In May, I was asked if I would be willing to consider coming back to Kids Count Preschool as a teacher. I’ve had the past 2 full years off to stay at home with Paige and Ryan and I’ve loved every single day of it, but with Paige starting Kindergarten in August it seemed like a good time to at least think about my return. I gladly interviewed (which was more of just a visiting session because I had already been hired and approved by our church’s elders years before) and expressed my desire to only work part time so I could still have alone days at home with Ryan, just as I had had with Paige.
2 months passed and I hadn’t really heard from the KCP board on way or another. At this point, I was getting frustrated because I’m the type of person that simply needs to know. If I was going to be teaching again, I needed to start researching lesson plans, classroom decor, etc…as well as putting those things into action. One Friday afternoon, I received a phone call from the new KCP director saying that it just wasn’t going to work out even though the board really wanted me back in the classroom. Because I expressed my desire to only work part time, they unfortunately couldn’t find another teacher that was also willing to work part time and they needed to hire someone willing to work all 5 days. I completely understood, of course, but I still took it personally and was devastated for the next 24 hours.

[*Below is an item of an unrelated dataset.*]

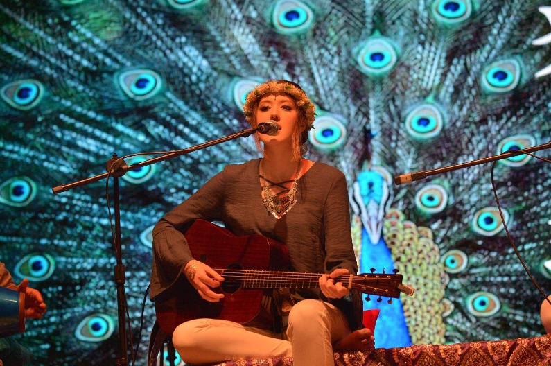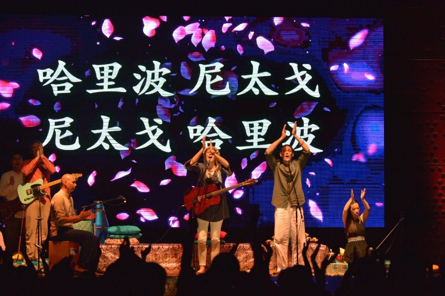 在金阳精彩开幕后,聚光灯随之落向善纳坦,他天籁般的瑜伽语音诵唱配以细腻柔缓的中国二胡音色,深深地震撼了观众的心灵。随后,聚光灯转向置身于银色湖畔风光背景之中的夏玛丽。随着月亮缓缓升起,一轮金色的光辉撒在湖面以及观众之中,她天使般的歌声,柔滑如丝的嗓音与歌词奇妙地融为一体,犹如仙乐般的悦耳之音带给人们内在纯粹的喜悦。夏玛丽邀请观众们与她一同歌唱,现场的观众们热情回应。

I honestly thought that I had prayed very hard about my return to work and really believed that God was telling me that this was the right time. But when that door closed, I was so confused, anxious, and angry quite honestly. How could I have misread what I know God was telling me to do? I felt like I had handed it all over to him and was letting Him lead me. Apparently I wasn’t and I hadn’t relinquished full control over to Him because first thing the next Monday morning, I got another call from the KCP director. She was telling me that just that morning, not even 5 minutes prior, they had found a teacher to back me in teaching part time. She even volunteered to teach W, Th, and F if I wanted to only teach 2 days per week. I completely knew it was a God thing then because I had secretly been hoping and wondering if there was any way possible to only work 2 days a week…but I had NEVER expressed that to anyone, not even Stephen. I had to make a decision on the spot. I couldn’t even hang up, discuss it all with Stephen, and then call the director back. She needed my answer immediately! I knew it was all in God’s plan and said “yes” right then.

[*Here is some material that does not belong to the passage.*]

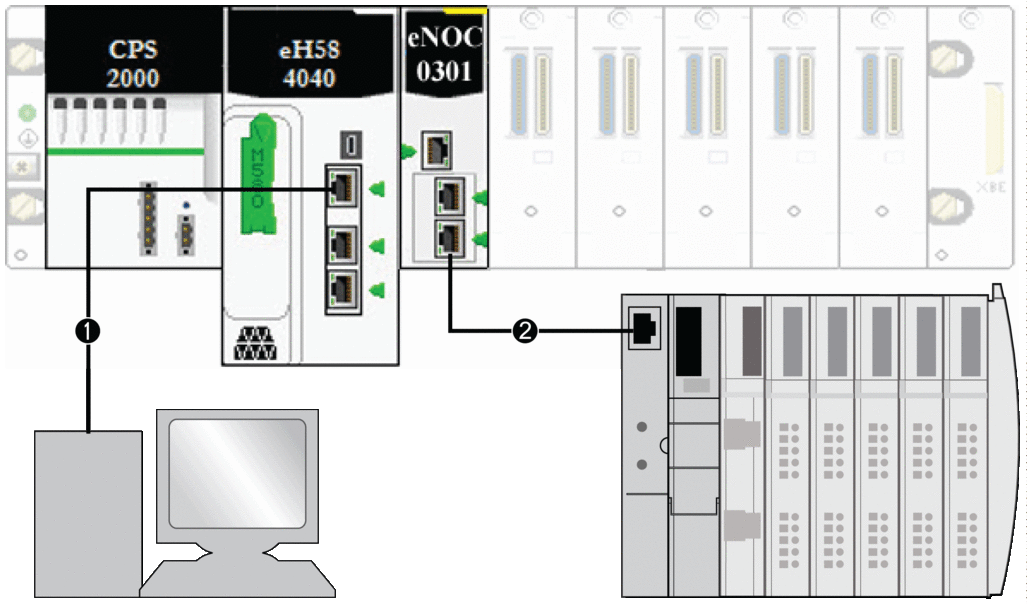 1 The M580 CPU (with DIO scanner service) on the local rack is connected to a PC that runs the Control Expert software.

I’m excited to be back in the profession I was designed for. I love the challenge that each day brings and the love that I get from my students. There are many times in a day that I truly love with my kids, but my absolute favorite has to be tucking them in at naptime. We go through our routine of taking turns going to the bathroom, washing hands, and going to lay down on napmats. After everyone is in their place, I go around to each child and pull their blanket up on them and pray with them and cover them in kisses and hugs, then tell them how much I love them. There’s nothing better than hearing them say “I love you too”. NOTHING.
I’m enjoying getting to be a teacher to my students 2 days per week and with Ryan the other 3 days. It’s a precious time with him that I won’t trade for anything else in this world.